Information given:
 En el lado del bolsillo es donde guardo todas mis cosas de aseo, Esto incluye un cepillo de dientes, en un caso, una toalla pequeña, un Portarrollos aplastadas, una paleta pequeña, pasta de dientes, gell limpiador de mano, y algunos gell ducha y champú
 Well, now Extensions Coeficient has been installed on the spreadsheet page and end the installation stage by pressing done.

==

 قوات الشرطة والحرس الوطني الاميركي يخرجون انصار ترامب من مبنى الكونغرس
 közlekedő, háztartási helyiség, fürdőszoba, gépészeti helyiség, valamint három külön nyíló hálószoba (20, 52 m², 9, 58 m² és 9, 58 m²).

Activity: Lines wanted from the listing above: the line with "قوات الشرطة والحرس" up to and including the line with "közlekedő, háztartási helyiség, fürdőszoba, gépészeti". Please write them out exactly, adding nothing else.

Answer area:
 قوات الشرطة والحرس الوطني الاميركي يخرجون انصار ترامب من مبنى الكونغرس
 közlekedő, háztartási helyiség, fürdőszoba, gépészeti helyiség, valamint három külön nyíló hálószoba (20, 52 m², 9, 58 m² és 9, 58 m²).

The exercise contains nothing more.